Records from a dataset
★ ★ ★ ★ ★
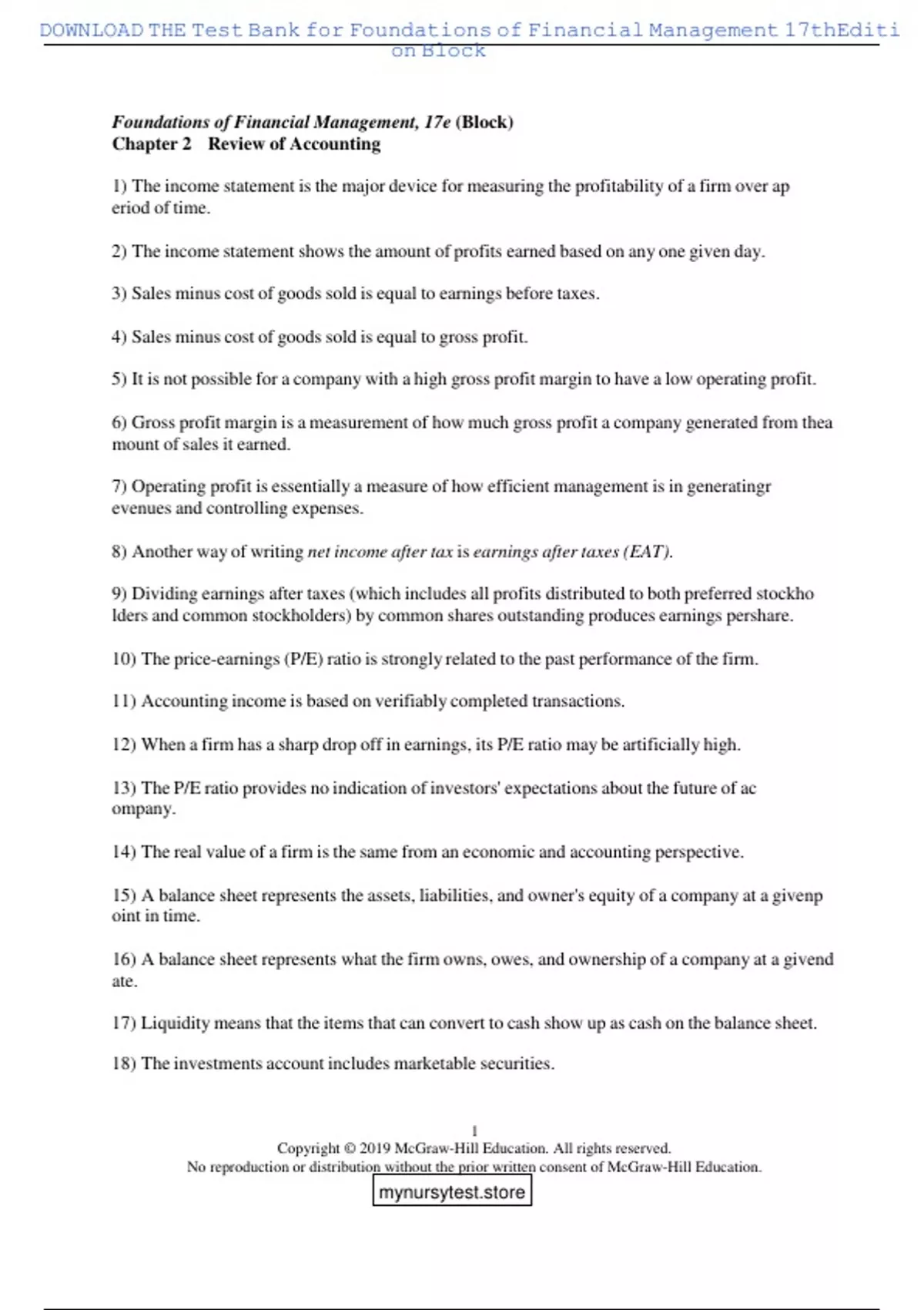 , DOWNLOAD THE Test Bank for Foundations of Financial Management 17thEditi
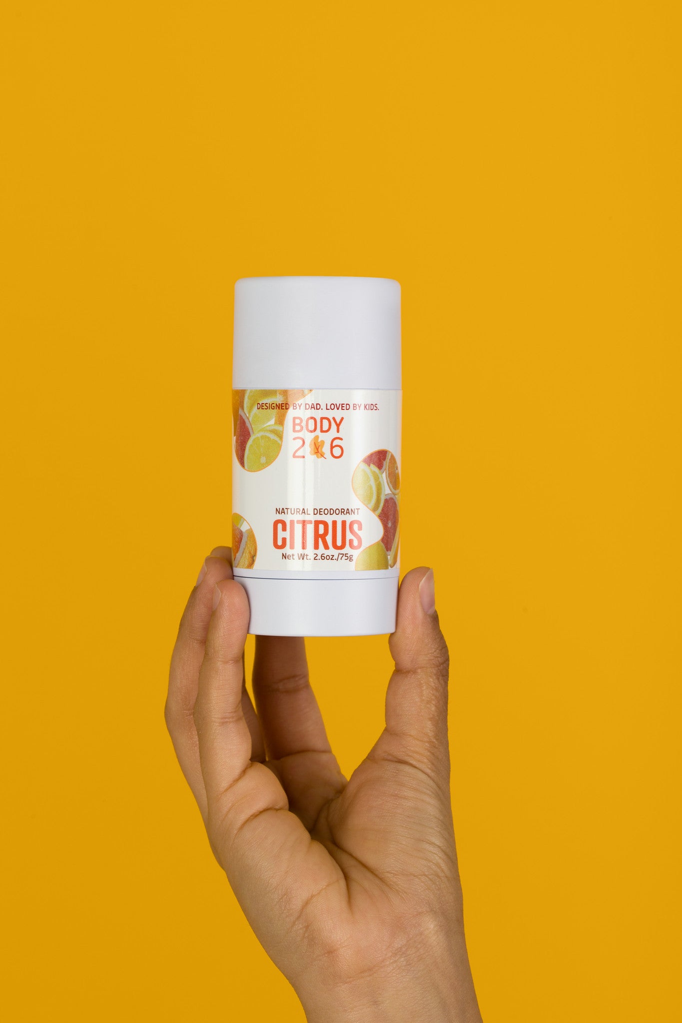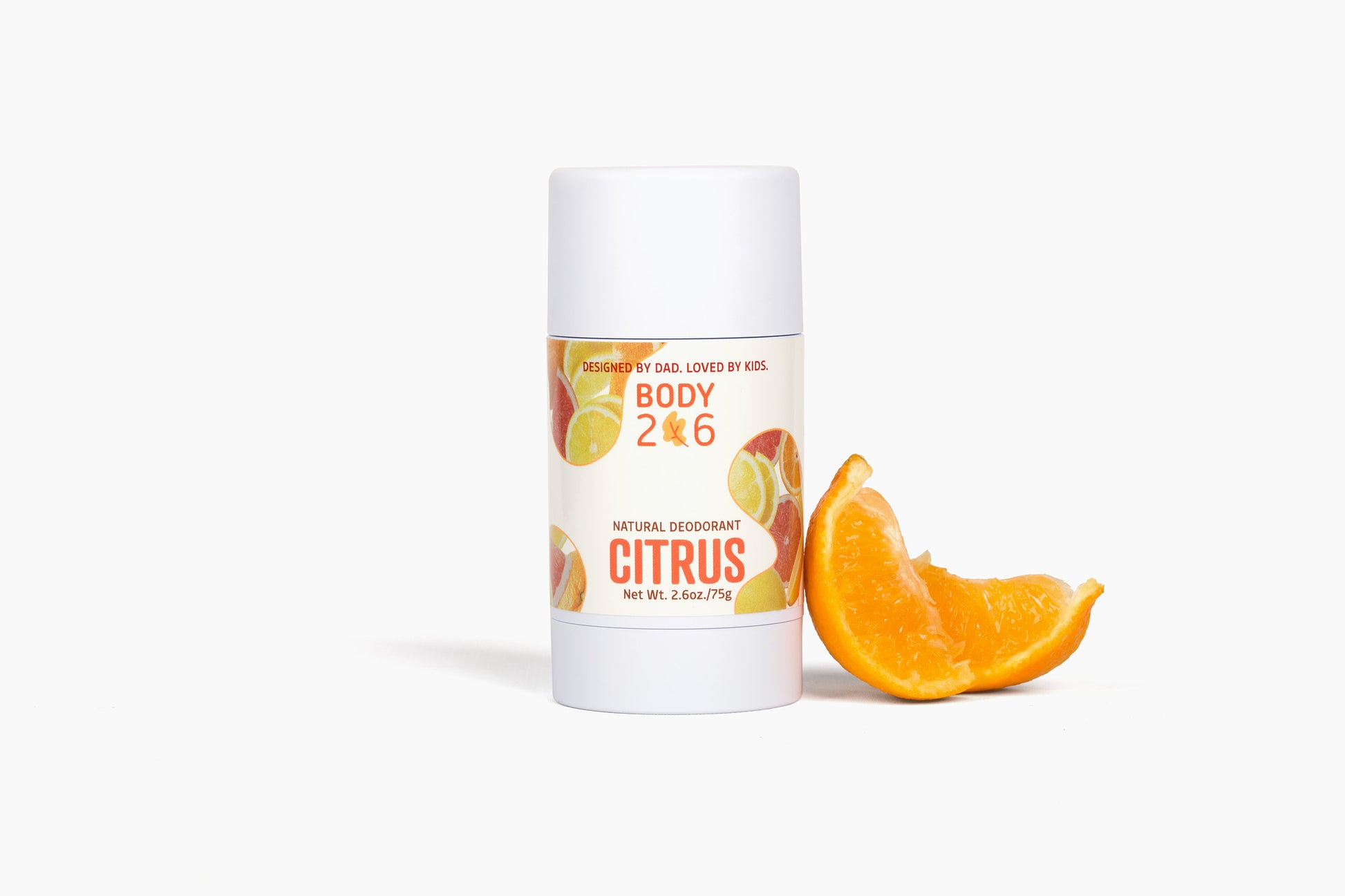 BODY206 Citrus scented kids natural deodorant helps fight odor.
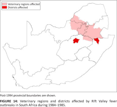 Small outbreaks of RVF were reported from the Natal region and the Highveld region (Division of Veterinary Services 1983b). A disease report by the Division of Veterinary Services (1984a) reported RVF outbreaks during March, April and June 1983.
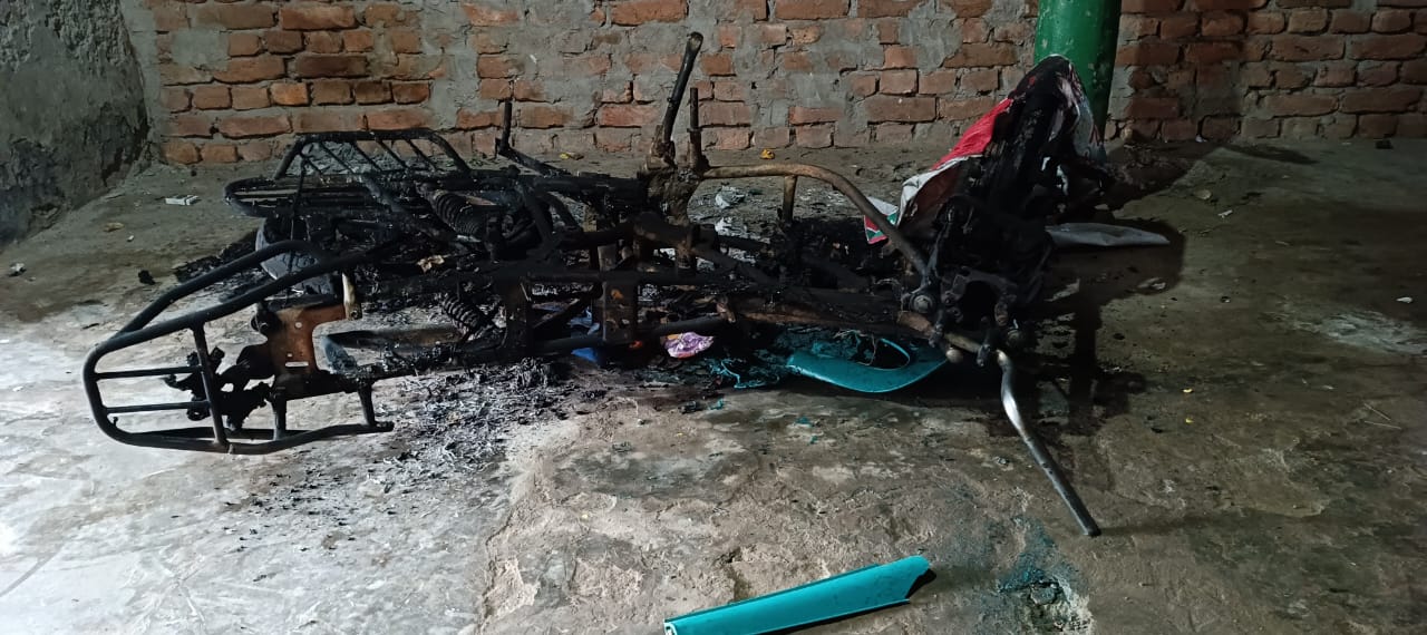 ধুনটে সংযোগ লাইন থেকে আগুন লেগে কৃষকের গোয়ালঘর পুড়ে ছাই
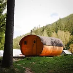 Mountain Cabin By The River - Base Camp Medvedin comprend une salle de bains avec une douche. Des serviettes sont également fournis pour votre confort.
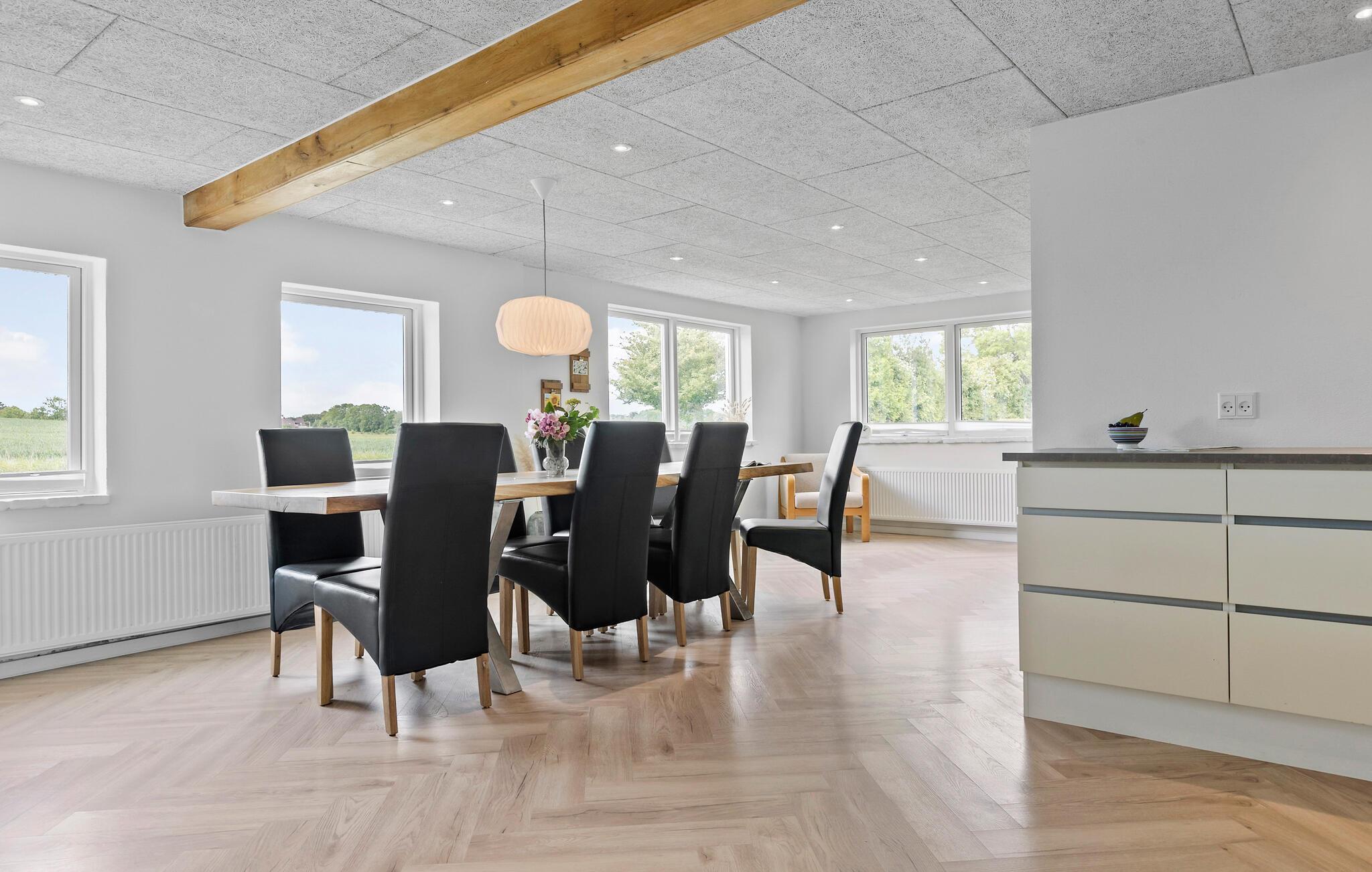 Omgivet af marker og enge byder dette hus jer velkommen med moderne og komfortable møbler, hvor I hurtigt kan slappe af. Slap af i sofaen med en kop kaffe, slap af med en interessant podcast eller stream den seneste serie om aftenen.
★ ★ ★ ★ ★
> _Exercise prompt_
The entries above are to be returned exactly, without their pictures.

> _Task answer_
 , DOWNLOAD THE Test Bank for Foundations of Financial Management 17thEditi
 BODY206 Citrus scented kids natural deodorant helps fight odor.
 Small outbreaks of RVF were reported from the Natal region and the Highveld region (Division of Veterinary Services 1983b). A disease report by the Division of Veterinary Services (1984a) reported RVF outbreaks during March, April and June 1983.
 ধুনটে সংযোগ লাইন থেকে আগুন লেগে কৃষকের গোয়ালঘর পুড়ে ছাই
 Mountain Cabin By The River - Base Camp Medvedin comprend une salle de bains avec une douche. Des serviettes sont également fournis pour votre confort.
 Omgivet af marker og enge byder dette hus jer velkommen med moderne og komfortable møbler, hvor I hurtigt kan slappe af. Slap af i sofaen med en kop kaffe, slap af med en interessant podcast eller stream den seneste serie om aftenen.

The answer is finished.